Excerpted data
● ● ● ● ●

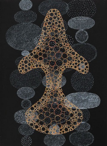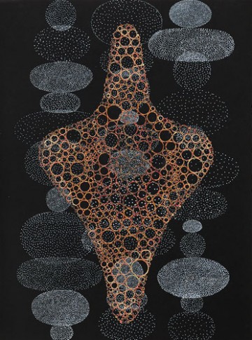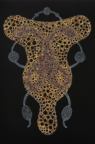David King is a collage artist based in San Francisco. In the last several years, his work has moved away from representational imagery into abstraction. The sensual and magic-realist inflection of the earlier work is still a resonant factor in his latest series called “Talismans.” It is as if the impressions elicited by King’s older dreamscapes (populated by classical figures, athletes, yogis and jeweled architectures) had been collected, purified and condensed. Suddenly, the human body is gone altogether and the props of opera and fairytale dissolved. All that remains is the darkened stage on which the exquisite remnants of his older work have coalesced into archaic amulets. The picture plane becomes a theater of talismans more potent than one with human actors. And yet there is something incredibly alive about these “things” which exude an almost watchful persona while they hover against panoplies of starry clusters.
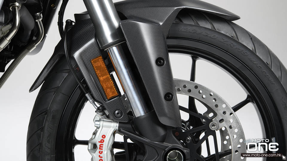 標準版 單筒尾避震,人手全調校功能 2 x 320 mm浮動煞車碟及Brembo M4煞車卡鉗 5吋TFT全彩液晶儀錶 裝備重量:240kg
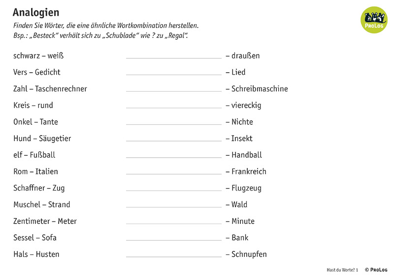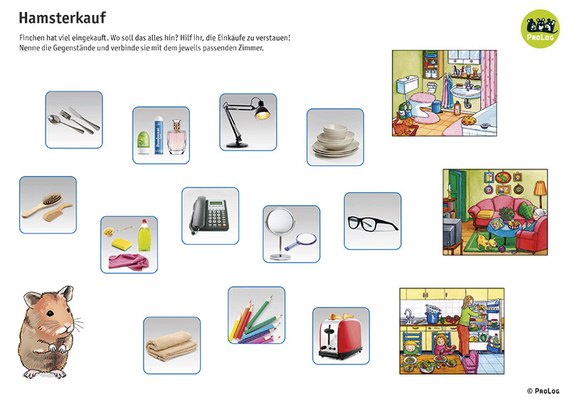 Für die kreative Arbeit ist zusätzlich die ProLog-Bastelstube enthalten. Mit den hier vorliegenden Blanko-Vorlagen sowie zahlreichen Illustrationen und Fotos können Übungen frei gestaltet werden. Auch die mitgelieferten Wimmelbilder und Blanko-Spielpläne können flexibel genutzt werden.
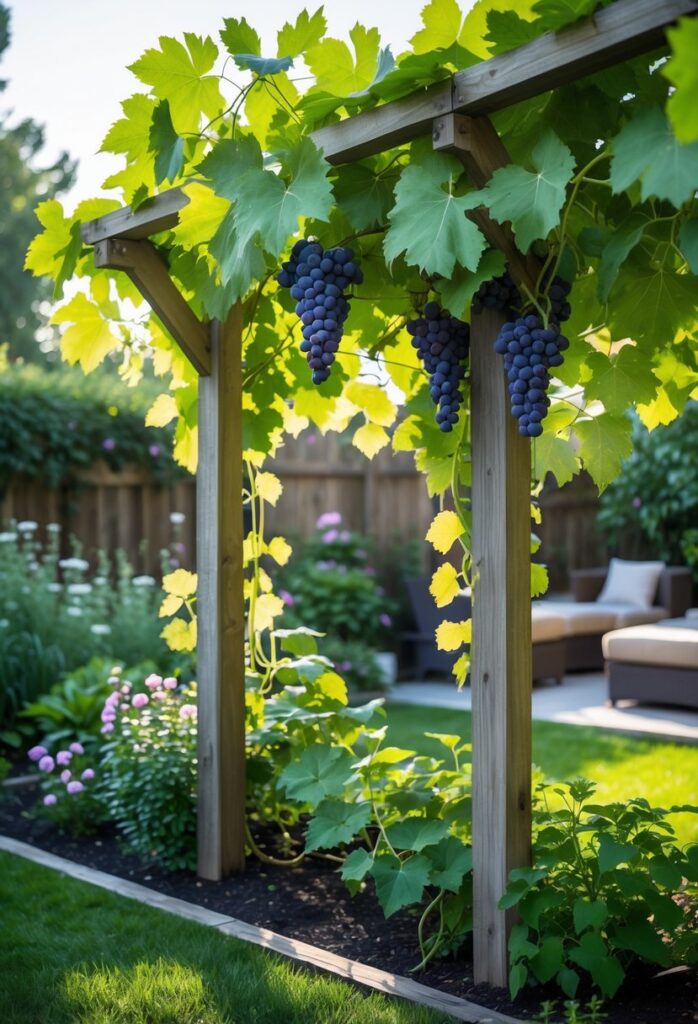 A pergola with climbing roses adds both beauty and structure to a backyard garden. The wooden beams provide a strong frame for rose vines to grow upward, creating a natural canopy. This canopy offers light shade while showcasing delicate rose blooms.
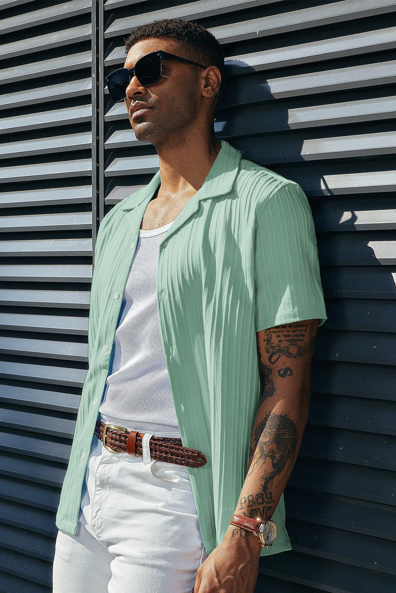 - 【Fashion Design】:This men's casual short sleeve shirt is the ideal top for summer. It embraces a sense of style and attention to detail. With its classic solid color and exquisite vertical stripes, it exudes a fashion-forward and minimalist vibe. The shirt features a Cuban collar, button down, and a well-proportioned and structured fit. Whether you're hitting the beach or enjoying leisure time, this shirt will bring out your unique charm.
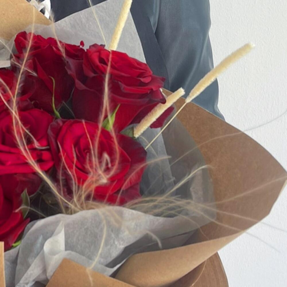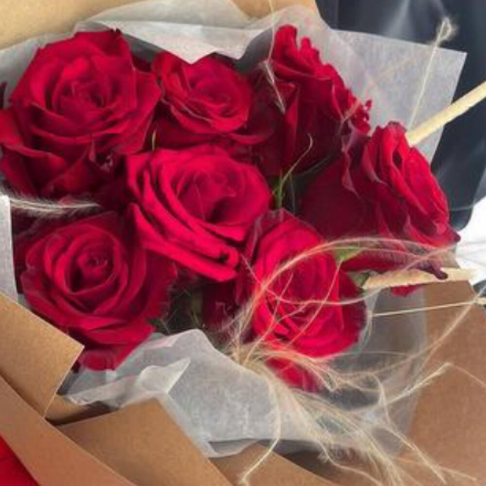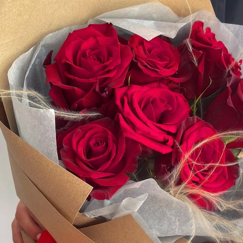 Роза – 7 шт.Лента атласная – 3 шт.Крафт – 3 шт.стифа пучок – 1 шт.
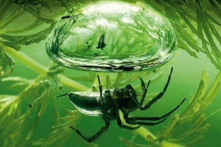이 생물은 호수나 오래된 못의 수초 사이에 종모양으로 집을 짓는데, 그 속에 공기를 채우며 생활하고, 알도 그 안에서 보호한다. 다리나 배에 난 털로 공기를 붙여 운반한다. 뭍(수면)에 올라오면 꽁무니에 공기를 담고 다시 물속으로 들어가 배를 집 안에 넣은 채 앞다리를 내놓고 산다. 물거미는 땅 위 생활을 하다가 물속 생활형태로 진화를 한 것으로 보고 있다. 또한 물고기처럼 아가미로 숨을 쉬는 게 아니라서 육지에서도 자유로운 활동을 할 수 있다. 하지만 수생 생물로 진화했기에 물로 들어가려는 뚜렷한 습성을 가지고 있어, 평생 육지에 살 수 없다는 것으로 추측된다.

● ● ● ● ●

Task brief
Starting with the opening line of the listing, write out each line exactly until the line that contains "Роза – 7 шт.Лента" has been included; skip the pictures.

Exercise output
David King is a collage artist based in San Francisco. In the last several years, his work has moved away from representational imagery into abstraction. The sensual and magic-realist inflection of the earlier work is still a resonant factor in his latest series called “Talismans.” It is as if the impressions elicited by King’s older dreamscapes (populated by classical figures, athletes, yogis and jeweled architectures) had been collected, purified and condensed. Suddenly, the human body is gone altogether and the props of opera and fairytale dissolved. All that remains is the darkened stage on which the exquisite remnants of his older work have coalesced into archaic amulets. The picture plane becomes a theater of talismans more potent than one with human actors. And yet there is something incredibly alive about these “things” which exude an almost watchful persona while they hover against panoplies of starry clusters.
 標準版 單筒尾避震,人手全調校功能 2 x 320 mm浮動煞車碟及Brembo M4煞車卡鉗 5吋TFT全彩液晶儀錶 裝備重量:240kg
 Für die kreative Arbeit ist zusätzlich die ProLog-Bastelstube enthalten. Mit den hier vorliegenden Blanko-Vorlagen sowie zahlreichen Illustrationen und Fotos können Übungen frei gestaltet werden. Auch die mitgelieferten Wimmelbilder und Blanko-Spielpläne können flexibel genutzt werden.
 A pergola with climbing roses adds both beauty and structure to a backyard garden. The wooden beams provide a strong frame for rose vines to grow upward, creating a natural canopy. This canopy offers light shade while showcasing delicate rose blooms.
 - 【Fashion Design】:This men's casual short sleeve shirt is the ideal top for summer. It embraces a sense of style and attention to detail. With its classic solid color and exquisite vertical stripes, it exudes a fashion-forward and minimalist vibe. The shirt features a Cuban collar, button down, and a well-proportioned and structured fit. Whether you're hitting the beach or enjoying leisure time, this shirt will bring out your unique charm.
 Роза – 7 шт.Лента атласная – 3 шт.Крафт – 3 шт.стифа пучок – 1 шт.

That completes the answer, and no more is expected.